--- START ---

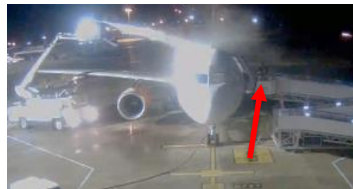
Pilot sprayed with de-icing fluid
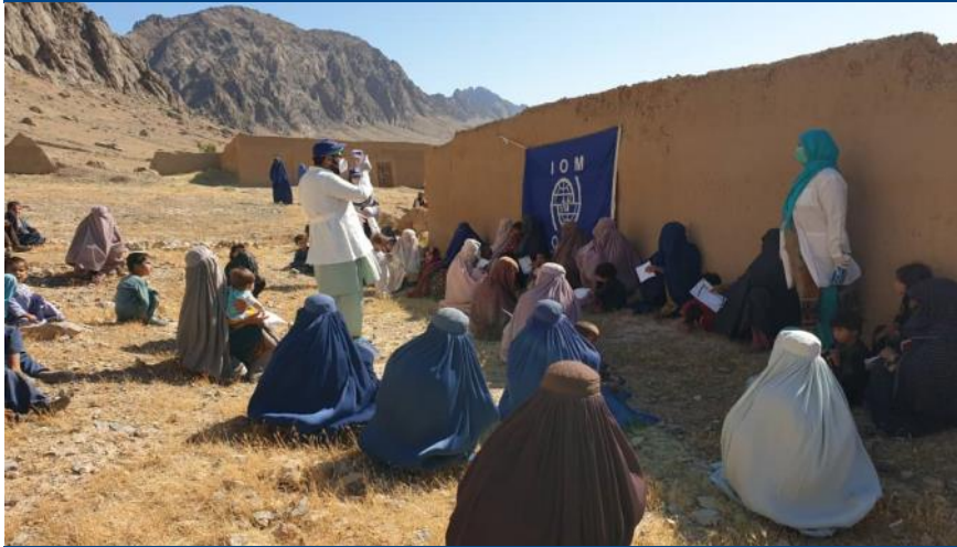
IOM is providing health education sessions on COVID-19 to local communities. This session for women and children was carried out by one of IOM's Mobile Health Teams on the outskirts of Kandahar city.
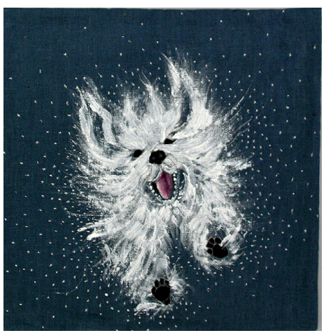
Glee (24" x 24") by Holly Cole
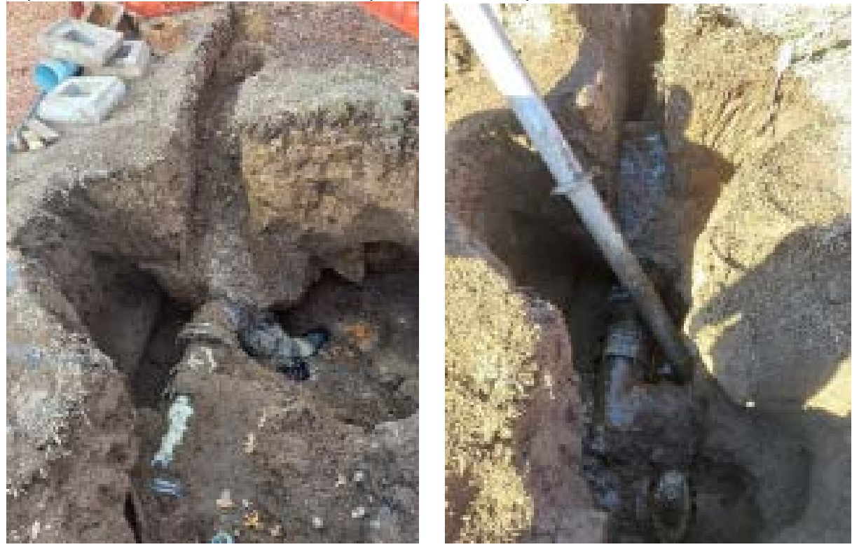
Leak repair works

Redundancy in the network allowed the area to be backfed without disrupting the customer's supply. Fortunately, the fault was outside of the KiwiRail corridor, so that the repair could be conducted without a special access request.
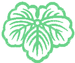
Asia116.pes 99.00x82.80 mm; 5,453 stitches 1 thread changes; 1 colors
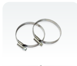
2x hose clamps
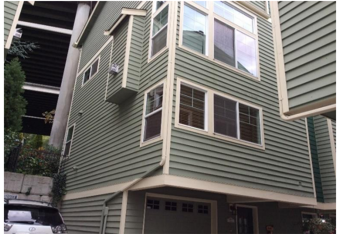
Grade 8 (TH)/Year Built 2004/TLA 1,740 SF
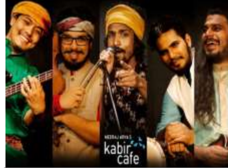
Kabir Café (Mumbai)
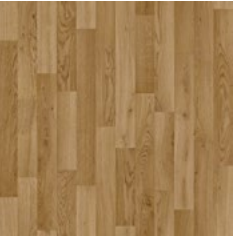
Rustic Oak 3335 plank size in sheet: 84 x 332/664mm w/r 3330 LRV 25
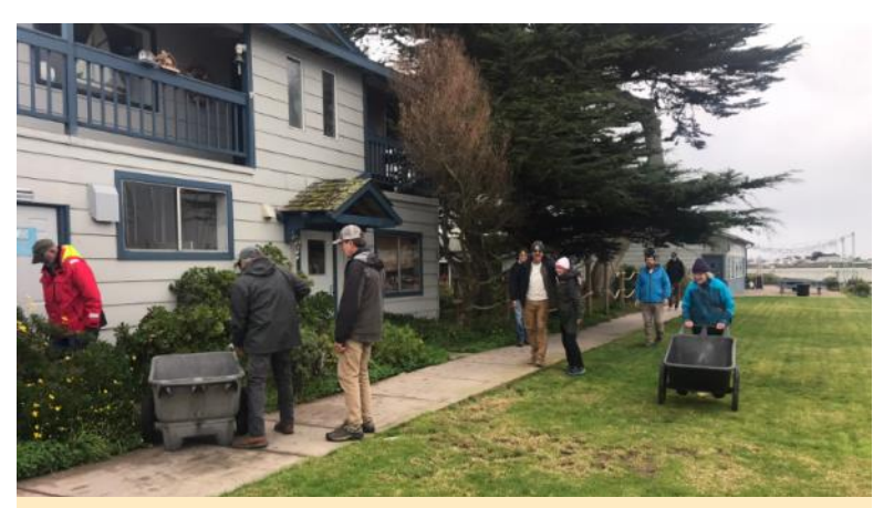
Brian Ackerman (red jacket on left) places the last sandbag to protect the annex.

--- END ---

Activity ->
Leave out the pictures and retype every line above exactly.

Result ->
Pilot sprayed with de-icing fluid
IOM is providing health education sessions on COVID-19 to local communities. This session for women and children was carried out by one of IOM's Mobile Health Teams on the outskirts of Kandahar city.
Glee (24" x 24") by Holly Cole
Leak repair works

Redundancy in the network allowed the area to be backfed without disrupting the customer's supply. Fortunately, the fault was outside of the KiwiRail corridor, so that the repair could be conducted without a special access request.
Asia116.pes 99.00x82.80 mm; 5,453 stitches 1 thread changes; 1 colors
2x hose clamps
Grade 8 (TH)/Year Built 2004/TLA 1,740 SF
Kabir Café (Mumbai)
Rustic Oak 3335 plank size in sheet: 84 x 332/664mm w/r 3330 LRV 25
Brian Ackerman (red jacket on left) places the last sandbag to protect the annex.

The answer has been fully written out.